The aim of this question is to find the reaction of methanol, which is an alcohol, with potassium hydroxide, which is a strong base.
The basic concept behind this article is the substitution and elimination reactions of alcohols in the presence of strong basic mediums. When alcohols are mixed with a strongly basic medium, they split and exist in the form of alkoxide ions or halogenoalkanes whereas strong bases like sodium hydroxide or potassium hydroxide split into positive metal ions and negative hydroxide ions.
A Substitution reaction is defined as a reaction in which a part of a molecule is replaced by another atom or a molecular group. The part that leaves the original molecule is called the leaving group. We can say that substitution reaction involves the exchange of elements among the reactants. It is represented by the following general expression:
\[AB+CD\rightarrow AD+BC\]
An Elimination reaction is defined as a reaction in which a molecule of a reactant is broken up into two or more molecules. Such a reaction usually occurs with saturated compounds. It is represented by the following general expression:
\[A\rightarrow B+C\]
Expert Answer
Given that:
First Reactant = Methanol $CH_3OH$
Second Reactant = Potassium Hydroxide $KOH$
Methanol is alcohol whereas Potassium Hydroxide is a strong base. When they are reacted together, they form an aqueous solution.
First, we will use the Elimination Reaction to break both the reactants.
Potassium Hydroxide $KOH$ is split up into its positive and negative ions as follows:
\[KOH\Rightarrow K^++{\rm OH}^-\]
$K^+$ is a positively charged ion called Cation.
${\rm OH}^-$ is a negatively charged ion called Anion.
Methanol $CH_3OH$ is split up into positive and negative alkoxide ions as follows:
\[CH_3OH\Rightarrow H^++{CH_3O}^-\]
$H^+$ is a positively charged ion called Cation.
${CH_3O}^-$ is a negatively charged ion called Anion.

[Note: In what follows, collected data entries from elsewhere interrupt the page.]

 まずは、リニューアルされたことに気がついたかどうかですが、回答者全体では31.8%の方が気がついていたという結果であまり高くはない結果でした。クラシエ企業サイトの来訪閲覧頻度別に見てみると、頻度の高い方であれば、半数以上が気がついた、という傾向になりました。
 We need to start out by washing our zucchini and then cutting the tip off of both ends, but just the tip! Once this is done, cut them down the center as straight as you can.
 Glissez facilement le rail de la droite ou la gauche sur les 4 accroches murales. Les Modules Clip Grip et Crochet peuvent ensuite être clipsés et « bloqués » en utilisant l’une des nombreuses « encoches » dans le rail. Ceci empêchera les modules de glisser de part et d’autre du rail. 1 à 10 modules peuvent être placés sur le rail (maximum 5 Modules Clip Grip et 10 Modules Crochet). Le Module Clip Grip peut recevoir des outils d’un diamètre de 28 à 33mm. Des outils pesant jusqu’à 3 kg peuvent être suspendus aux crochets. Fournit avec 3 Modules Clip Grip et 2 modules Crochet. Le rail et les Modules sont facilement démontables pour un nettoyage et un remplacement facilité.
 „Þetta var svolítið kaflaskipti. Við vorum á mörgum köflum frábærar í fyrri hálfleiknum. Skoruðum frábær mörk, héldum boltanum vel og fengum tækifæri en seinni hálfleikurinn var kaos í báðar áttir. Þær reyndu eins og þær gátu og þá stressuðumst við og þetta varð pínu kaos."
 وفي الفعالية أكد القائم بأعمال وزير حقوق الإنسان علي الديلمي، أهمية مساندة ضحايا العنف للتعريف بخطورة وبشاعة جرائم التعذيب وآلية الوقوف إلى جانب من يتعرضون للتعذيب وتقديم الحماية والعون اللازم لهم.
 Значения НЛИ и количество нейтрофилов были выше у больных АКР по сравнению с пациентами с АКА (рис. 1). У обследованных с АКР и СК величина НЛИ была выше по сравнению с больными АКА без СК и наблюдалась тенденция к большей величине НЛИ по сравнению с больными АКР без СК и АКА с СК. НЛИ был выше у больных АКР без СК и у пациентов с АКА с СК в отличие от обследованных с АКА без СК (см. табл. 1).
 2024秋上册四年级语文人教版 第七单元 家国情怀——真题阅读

These Cation and Anions then follow the Substitution Reaction to replace each other’s ions as follows to form Potassium Methoxide $CH_3OK\$ in an aqueous solution.
The ${\rm OH}^-$ ion from Potassium Hydroxide $KOH$ reacts with $H^+$ from methanol $CH_3OH$ to form water $H_2O$.

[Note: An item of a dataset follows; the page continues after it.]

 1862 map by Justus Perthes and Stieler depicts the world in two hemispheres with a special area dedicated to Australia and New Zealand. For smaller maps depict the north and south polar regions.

The ${CH_3O}^-$ ion from methanol $CH_3OH$ reacts with $K^+$ from Potassium Hydroxide $KOH$ to form Potassium methoxide through an exothermic reaction as follows:
\[(H^++{CH_3O}^-)+(K^++{\rm OH}^-)\Rightarrow({CH_3O}^-+K^+)\ +(H^++{\rm OH}^-)\]
So:
\[CH_3OH+KOH\Rightarrow{CH_3O}^-K^++H_2O\]
Hence, the exothermic equilibrium elimination and substitution reaction of methanol and potassium hydroxide result in the formation of potassium methoxide and water. Water causes potassium methoxide to exist in an aqueous form.
Numerical Result
When methanol $CH_3OH$ is treated with potassium hydroxide $KOH$, it forms Potassium Methoxide $CH_3OK$ in aqueous form as per the following reaction:
\[CH_3OH+KOH\Rightarrow CH_3OK+H_2O\]
Example
Write a reaction when methanol is treated with sodium hydroxide.
Given that:
First Reactant = Methanol $CH_3OH$
Second Reactant = Sodium Hydroxide $NaOH$
So as per Elimination reactions:
\[NaOH\Rightarrow{\rm Na}^++{\rm OH}^- \]
\[CH_3OH\Rightarrow H^++{CH_3O}^- \]
As per Substitution reaction:
\[(H^++{CH_3O}^-)+({\rm Na}^++{\rm OH}^-)\Rightarrow({CH_3O}^-+{\rm Na}^+)\ +(H^++{\rm OH}^-) \]
\[CH_3OH+NaOH\Rightarrow{CH_3O}^-{\rm Na}^++H_2O \]
When methanol $CH_3OH$ is treated with sodium hydroxide $NaOH$, it forms Sodium Methoxide $CH_3ONa$ in aqueous form as per the following reaction:
\[CH_3OH+NaOH\Rightarrow CH_3ONa+H_2O \]